Trois pouvoirs, est-ce bien nécessaire ?

Quand j’étais petite (et prompte à m’émouvoir), l’instituteur nous expliqua un jour le fonctionnement de notre démocratie. Ca m’en a bouché un coin ! Tout ça était drôlement bien pensé. Le Parlement qui fait les lois. Le Gouvernement qui les applique. La Justice qui les fait respecter. Chacun à sa place, dans sa petite case, sans tricher sur le voisin. Le système était garant de notre démocratie. C’était beau. Trop beau, peut-être…

Tout cela, à la réflexion, était aussi bien compliqué. Trop compliqué, peut-être… Supposons – comme ça, juste pour rire – supposons, donc, que le Gouvernement (le pouvoir exécutif, pour les intimes), pas chicanier, ait intérêt à ce qu’une loi ne soit pas tout à fait respectée à la lettre. Et qu’il ferme pudiquement les yeux sur certaines pratiques. Ou bien qu’il les nie, les minimise, enfin, bon, vous savez comment ça va. Supposons toujours qu’un tribunal (le pouvoir judiciaire, donc) s’émeuve de la situation. Et condamne les contrevenants à payer une amende.

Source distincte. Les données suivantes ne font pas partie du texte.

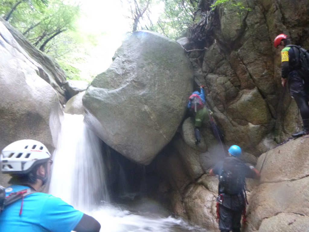 七ツ釜の廊下は流れを突っ切って侵入し、最後は大岩の右側を登る。切り込み隊長のなおちゃんがロープをつけて登る。一度落ちるがなんとか登頂に成功、後のメンバーを引き上げる。昨日からの雨で増水しているので難度が上がって楽しい.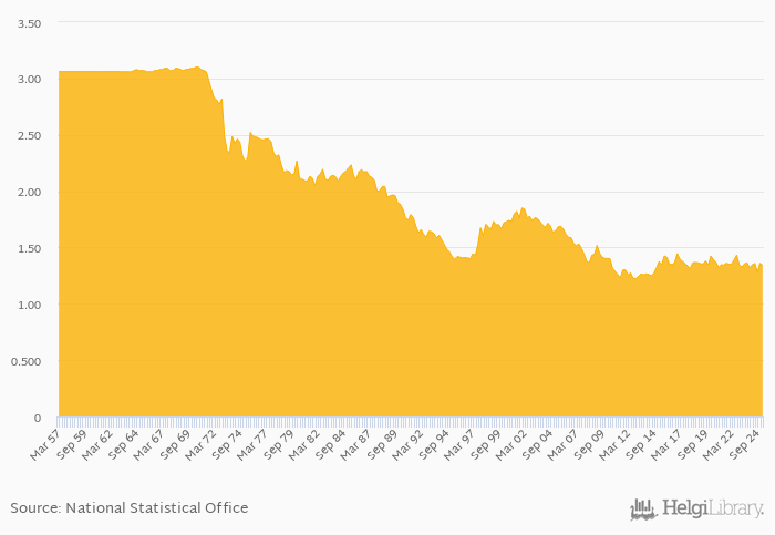 FX rate to USD at the end of period fell 0.490% yoy to 1.34 per USD in Singapore in 1Q2025, according to the National Statistical Office. This is 1.42% less than in the previous quarter.

Illustrons par un exemple. Le Gouvernement, pour montrer qu’il pense au citoyen, a mis plein de sous dans un aéroport. La seule compagnie qui opère sur cet aéroport fait atterrir et décoller ses avions la nuit (quand c’est normalement interdit). Le Gouvernement sifflote d’un air dégagé. Puis un juge un peu trop zélé sanctionne les infractions. La situation est plutôt gênante, bien sûr. Vous imaginez, vous, un membre du Gouvernement, un Ministre, donc, avec tout ce que cela suppose de respectabilité et tout ça, devoir expliquer à son partenaire qu’on va le traiter comme un vulgaire voleur de pommes ?

Heureusement, chez ces gens-là, monsieur, on pense. Et l’on trouve ! La solution toute simple :on supprime un pouvoir. Ou plus exactement, on hiérarchise. Le législatif (le Parlement) n’a qu’à modifier la loi, directement sous la dictée de l’exécutif. C’est plus commode, finalement. Comme ça, les lois colleront enfin à la réalité. Cette formalité accomplie, il n’y a plus d’infraction, il n’y a plus d’amende. Le Ministre est content. Son partenaire volant aussi. Le Parlement, pas très fier, s’assoupit pour se faire oublier. La Justice se demande à quoi elle sert encore. Là, c’est moi qui ai la solution : elle n’a qu’à s’occuper des voleurs de pommes. Les vrais dangereux en culottes courtes.